# DIRECTIONS
The answer should hold only the lines from the beginning of the material through the one with "3月21日,百度网盘宣布全新", reproduced exactly and without pictures.

# INFORMATION PROVIDED
-*-
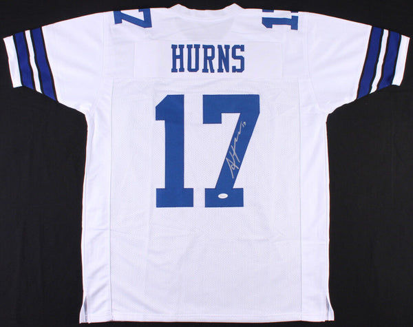 Custom on-field style jersey. Everything is sewn on, size XL. Hand-signed in silver paint pen by Allen Hurns. The lot / autograph(s) includes an official James Spence Authentication (JSA) hologram and matching COA for authenticity purposes. The signing of this item was witnessed by JSA.Authentication: JSA COA
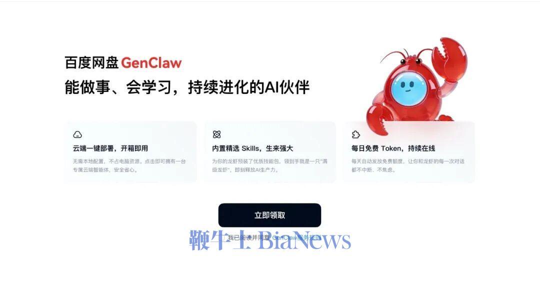 3月21日,百度网盘宣布全新升级GenFlow,并兼容OpenClaw能力,该功能已上线PC客户端及全新推出的「团队空间」,个人用户、团队可以在百度网盘一键部署OpenClaw、开箱即用。
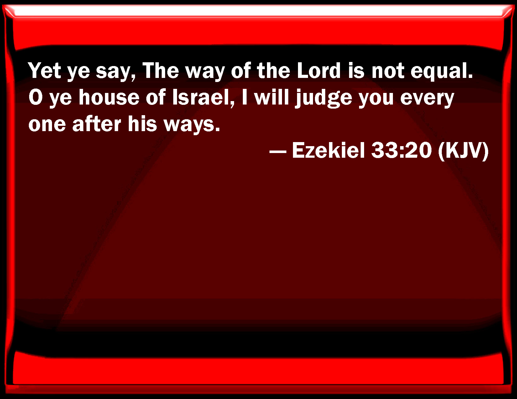 Bible Verse Slide Ezekiel 33:20 Yet you say, The way of the Lord is not equal. O you house of Israel, I will judge you every one after his ways. KJV: Yet ye say, The way of the Lord is not equal. O ye house of Israel, I will judge you every one after his ways. DRB: And you say: The way of the Lord is not right, I will judge every one of you according to his ways, O house of Israel. DBT: Yet ye say, The way of the Lord is not equal. O house of Israel, I will judge you every one after his ways. ERV: Yet ye say, The way of the Lord is not equal. O house of Israel, I will judge you every one after his ways. WBT: Yet ye say, The way of the Lord is not equal. O ye house of Israel, I will judge you every one after his ways. WEB: Yet you say, The way of the Lord is not equal. House of Israel, I will judge every one of you after his ways. YLT: And ye have said: The way of the Lord is not pondered, Each according to his ways do I judge you, O house of Israel.'Links Ezekiel 33:20 NIV • Ezekiel 33:20 NLT • Ezekiel 33:20 ESV • Ezekiel 33:20 NASB • Ezekiel 33:20 KJV • Ezekiel 33:20 Interlinear • Ezekiel 33:20 Commentaries • Ezekiel 33:20 Parallel Texts • Ezekiel 33:20 Bible Apps • Ezekiel 33:20 Parallel • Bible Hub |
-*-
# TASK RESULT
 Custom on-field style jersey. Everything is sewn on, size XL. Hand-signed in silver paint pen by Allen Hurns. The lot / autograph(s) includes an official James Spence Authentication (JSA) hologram and matching COA for authenticity purposes. The signing of this item was witnessed by JSA.Authentication: JSA COA
 3月21日,百度网盘宣布全新升级GenFlow,并兼容OpenClaw能力,该功能已上线PC客户端及全新推出的「团队空间」,个人用户、团队可以在百度网盘一键部署OpenClaw、开箱即用。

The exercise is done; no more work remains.